With its central theme and programme segments, the 27th International Festival of Computer Art (IFCA), organised by MKC Maribor, questions the digital changes we are facing in the present and those that await us in the future. The festival will take place in display windows at more than ten locations around the city, thus seeking to attract the attention of the general public. Works by the Slovene and international artists and groups will be on display in shop windows of Kisilak at Glavni trg, Benetton, Polzela and Mladinska knjiga at Gosposka ulica, Bags & More at Jurčičeva ulica, Vijolična hiša, Modna hiša/Mercator, Textil House and the Centre of Creativity at Partizanska cesta. Each location will contribute its own content to the main programme, which will be enriched in the public space by two more works/interventions on poster places. The first work, entitled Periodic Colour Model (Periodični model barv), will be on display throughout the subway at TPC City (formerly Slavija). It was created by the painter, designer and professor Vojko Pogačar, PhD. His extensive oeuvre in the field of design and connecting art with contemporary digital knowledge will be the subject of a comprehensive exhibition entitled Inspiration for Change (Navdih za spremembe), which will be on view at Vetrinjski dvor until 22 October 2021.

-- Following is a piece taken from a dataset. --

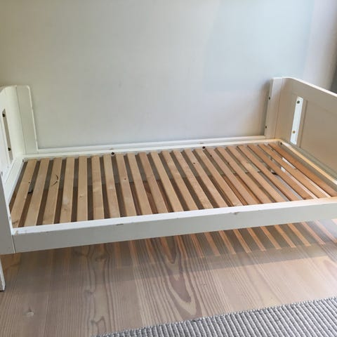 Incl god madras + 2 x lagen. I fin funktionel stand med bruge spor. Udvendige mål: 76x145x55 (bxlxh)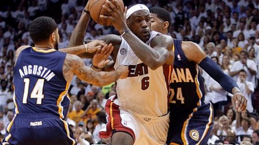 LeBron James anotó 30 puntos, Udonis Haslem encestó sus últimos ocho tiros de campo para sumar 16 puntos, y el Heat de Miami se valió de un tercer cuarto dominante para voltear las acciones y derrotar el jueves por 90-79 a los Pacers de Indiana en el quinto juego de la serie final de la Conferencia Este. Mario Chalmers anotó 12 unidades y Dwyane Wade agregó 10 por el Heat, que encabeza la serie por 3-2 y buscará concretarla en Indiana el sábado por la noche. El Heat superó a los Pacers en seis juegos en una segunda ronda de postemporada de la campaña pasada. Paul George registró 27 puntos y 11 rebotes por los Pacers, quienes tuvieron 22 puntos de Roy Hibbert y 17 de David West.

The poster space at the two-storey bridge over the River Drava will be dedicated to the work entitled Towards the Unknown Territories (Neznanim ozemljem naproti), prepared by the visual and intermedia artist Maja Smrekar. In addition to the information point and the aforementioned exhibition by Vojko Pogačar, the OR poiesis (Petra Kapš) listening room will be available at the central festival venue, where visitors will be able to listen to the works of this sound artist. In the lower and upper rooms, video works will be on display from two Zagreb festivals dedicated to experimental and electronic art Glitch / fu:bar / and VectorHack, which are cooperating with the IFCA this year. This represents an important point of contact between other festivals and the IFCA, which has this year decided to cooperate with the NaGib festival for the first time. It will take place in shop windows around Maribor covering similar topics.
As part of the Connections project, the IFCA will feature on the airwaves of Radio Slovenia, where a selection of works from the TONŠPUR music platform will be broadcast in the ARS radio programme on 13 October 2021 from 8 pm to 10 pm. A day later, on October 14, 2021, the same radio programme will broadcast performative live stream by OR poiesis (Petra Kapš) and Udo Noll's Territory (Teritorij) at 11 pm. In cooperation with TV Maribor, works from the IFCA and video works from the already mentioned festivals will be presented between 8 and 15 October 2021 in 30-minute broadcasts every day after 10 pm.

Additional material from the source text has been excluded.